Ronald Reagan receives an awful lot of unwarranted credit for bringing about the collapse of the Soviet Union and the Berlin Wall. In fact, just last year Reagan was named, "The Greatest American Ever," in a poll y the Discover Channel. In truth, if any American President deserves any credit at all for bringing down the Soviet domination of Eastern Europe it would be Richard Nixon.

What Ronald Reagan has so far managed to avert responsibility for is contributions to the state of Islamic terrorism, which has turned the people of the United States into a fearful pack of lemmings. Americans are ready to hand over every civil liberty they have to a despot, who uses mostly unwarranted threats of daily terrorist attacks to push his agenda for corporate empire through Congress. Bush aside, to what extent might Ronald Reagan be to blame for the current geopolitical mess?

The Cold War and the War on Terror are two sides of the same coin. The only significant event is the invasion of Afghanistan, by the Soviet Union, in 1979. It was one of those rare moments in history. The decision by the USSR to attack Afghanistan set the stage for massive re-charting of the political landscape in ways that nobody at the time foresaw.
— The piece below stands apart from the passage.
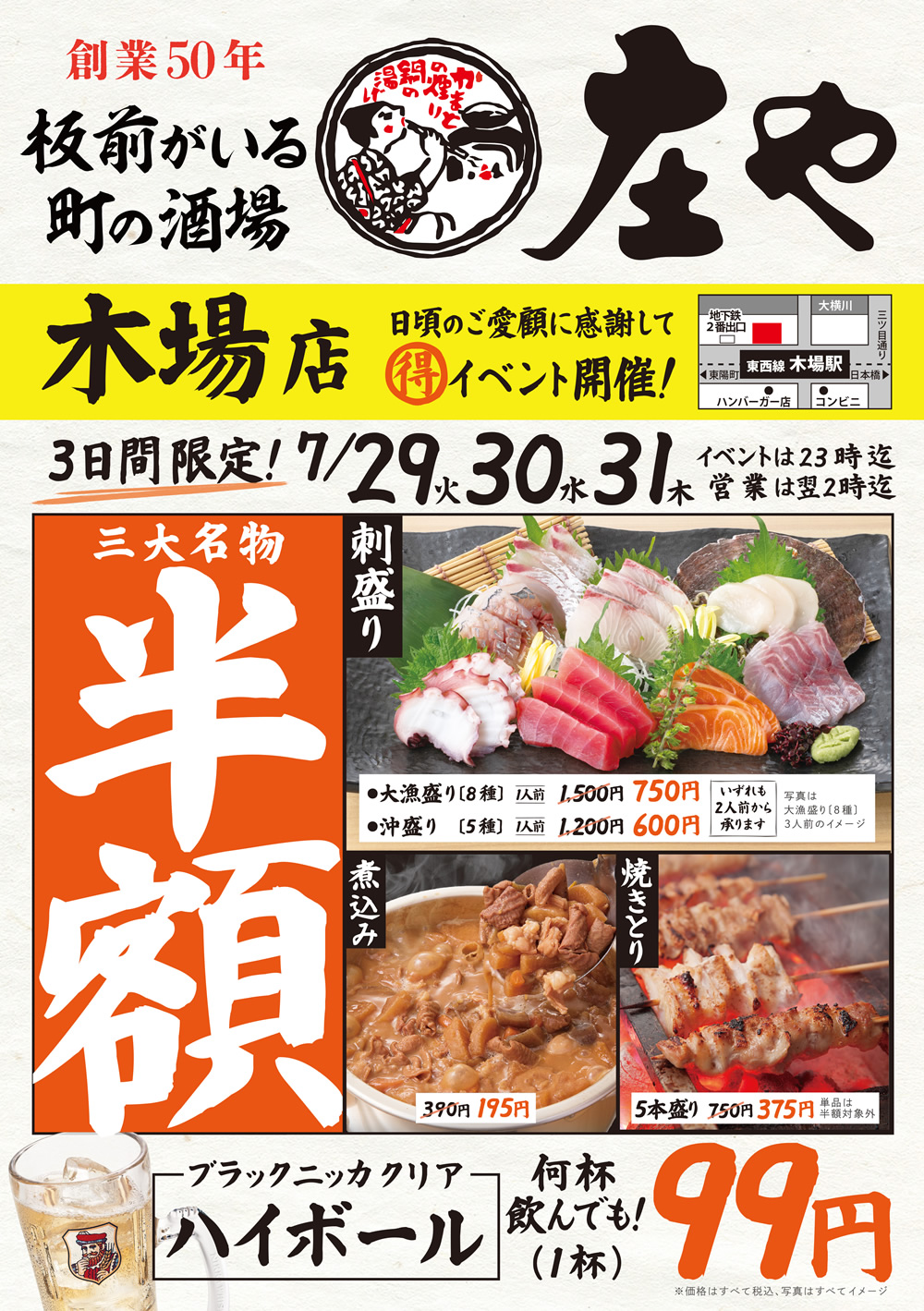 7/29~【庄や 木場店】三大名物 半額イベント!

Why didn't we notice? Mostly the focus, in 1979, was on Cold War politics, which, looking back, now, seems silly. The Soviet invasion of Afghanistan eventually resulted in not only the end of the Cold War, but also the rise of Islamic fundamentalist terrorism.

The cost to the Soviets of the long, drawn-out quagmire in Afghanistan, with its obvious parallel to Iraq, today, contributed to the end of the Cold War; much more than anything Ronald Reagan did. The cost, in terms of human life and rubles, rattled the Soviet economy to the very core.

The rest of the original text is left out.